Correspondence to: Mr P. W. Stather, Vascular Surgery Group, Department of Cardiovascular Sciences, University of Leicester, Leicester LE2 7LX, UK (e-mail: email@example.com)
Any possible long-term benefit from endovascular (EVAR) versus open surgical repair for abdominal aortic aneurysm (AAA) remains unproven. Long-term data from the Open Versus Endovascular Repair (OVER) trial add to the debate regarding long-term all-cause and aneurysm-related mortality. The aim of this study was to investigate 30-day and long-term mortality, reintervention, rupture and morbidity after EVAR and open repair for AAA in a systematic review.
Standard PRISMA guidelines were followed. Random-effects Mantel–Haenszel meta-analysis was performed to evaluate mortality and morbidity outcomes.
The existing published randomized trials, together with information from Medicare and SwedVasc databases, were included in a meta-analysis. This included 25 078 patients undergoing EVAR and 27 142 undergoing open repair for AAA. Patients who had EVAR had a significantly lower 30-day or in-hospital mortality rate (1·3 per cent versus 4·7 per cent for open repair; odds ratio (OR) 0·36, 95 per cent confidence interval 0·21 to 0·61; P < 0·001). By 2-year follow-up there was no difference in all-cause mortality (14·3 versus 15·2 per cent; OR 0·87, 0·72 to 1·06; P = 0·17), which was maintained after at least 4 years of follow-up (34·7 versus 33·8 per cent; OR 1·11, 0·91 to 1·35; P = 0·30). There was no significant difference in aneurysm-related mortality by 2 years or longer follow-up. A significantly higher proportion of patients undergoing EVAR required reintervention (P = 0·003) and suffered aneurysm rupture (P < 0·001).

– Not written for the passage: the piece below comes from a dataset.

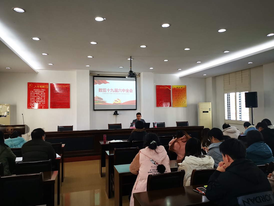 钟主任以《数览十九届六中全会--学习贯彻中国共产党第十九届中央委员会第六次全体会议公报内容》为主题,以九个重要数字为脉络结构,从全会的重要性、核心内容,以及中国共产党百年奋斗的重大成就、历史意义、历史经验等方面,对党的十九届六中全会精神作了深入系统的解读。本次宣讲活动课主题鲜明、内涵丰富、重点突出,政治性、理论性、指导性强,对学习和理解十九届六中全会精神有深的意义,受到全体与会师生党员的热烈欢迎和广泛好评。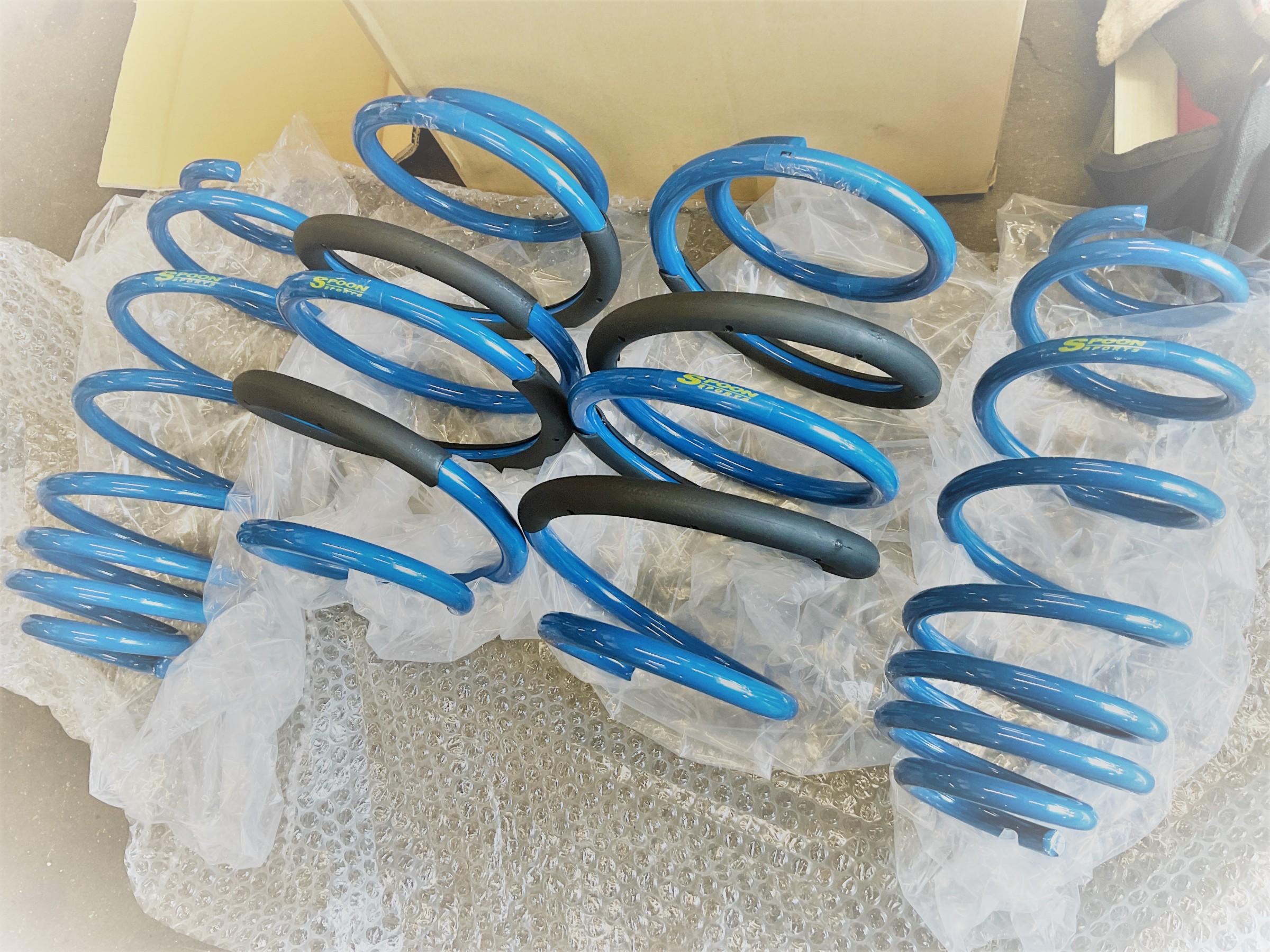 今回装着させていただくのは、ホンダ車ですと指名買いが多いSPOONのプログレッシブスプリング!(ノ゚∀゚)ノ

There is no long-term survival benefit for patients who have EVAR compared with open repair for AAA. There are also significantly higher risks of reintervention and aneurysm rupture after EVAR.
Endovascular aneurysm repair (EVAR) has become established as the treatment of choice for abdominal aortic aneurysm (AAA) in many vascular centres. Several similar randomized controlled trials (RCTs) have been undertaken to determine both the short- and long-term outcomes after EVAR compared with open surgical repair. Although these trials are not yet complete, with true long-term 10-year outcomes awaited, they have highlighted a significant reduction in 30-day operative mortality and length of hospital stay in favour of EVAR[1, 2].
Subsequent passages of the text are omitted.